Green shoe option reduces post-listing price volatility

By Ashwinee Oturkar, Khaitan & Co

In August 2003, the Securities and Exchange Board of India (SEBI) introduced the concept of green shoe option (GSO) to the Indian capital markets, with a view to arresting short-term volatility in post-listing prices. The SEBI (Issue of Capital and Disclosure Requirements) Regulations, 2009, provide the framework for GSO.

This article discusses the various aspects of the GSO mechanism.

Outline of the concept

Upon listing, the market price of shares may fluctuate substantially, undermining investors’ confidence in a company. GSO is an option whereby equity shares in excess of the equity shares offered in the public issue are allotted as a post-listing stabilizing mechanism. The GSO mechanism can be adopted in initial public offerings and further public offerings by appointing a stabilizing agent which is usually a book running lead manager to the issue.

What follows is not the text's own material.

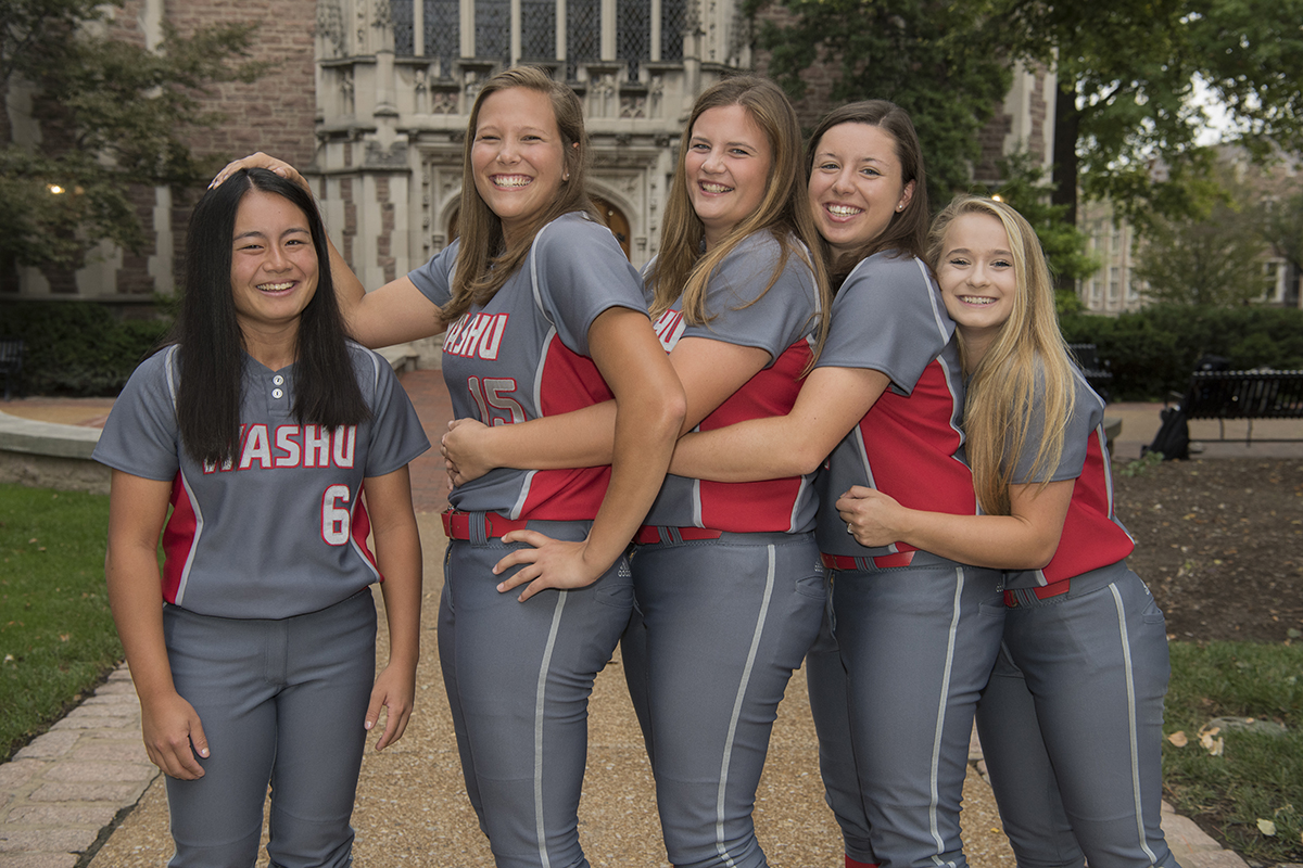 Members of the Washington University softball team pose in front of Graham Chapel Oct. 6 during their team photo day. (Photo: Mary Butkus/Washington University)

GSO can be exercised only if specified in the offer document and shares are oversubscribed in the public offering. By this process, shares in excess of the issue size are allotted to investors (over-allotment), as determined at the pricing date by the company the promoters/existing shareholders (lender) and the stabilizing agent.

The stabilizing agent borrows shares from the lender and uses them for over-allotment. The application monies received from investors for over-allotment are deposited into a separate escrow bank account.

Falling market price

If the shares are trading at a price lower than the issue price, the stabilizing agent starts purchasing shares from secondary market, using the money in the separate escrow bank account. At the end of the stabilization period, the shares so purchased are handed over to the lender.

Ashwinee Oturkar Associate Khaitan & Co
Ashwinee Oturkar
Khaitan & Co

In this manner, the stabilizing agent tries to stabilize the falling prices by purchasing shares from the secondary market. Ordinarily, when the market prices of newly listed shares fall, the paid-up share capital of the company will not increase after the completion of the price stabilization exercise.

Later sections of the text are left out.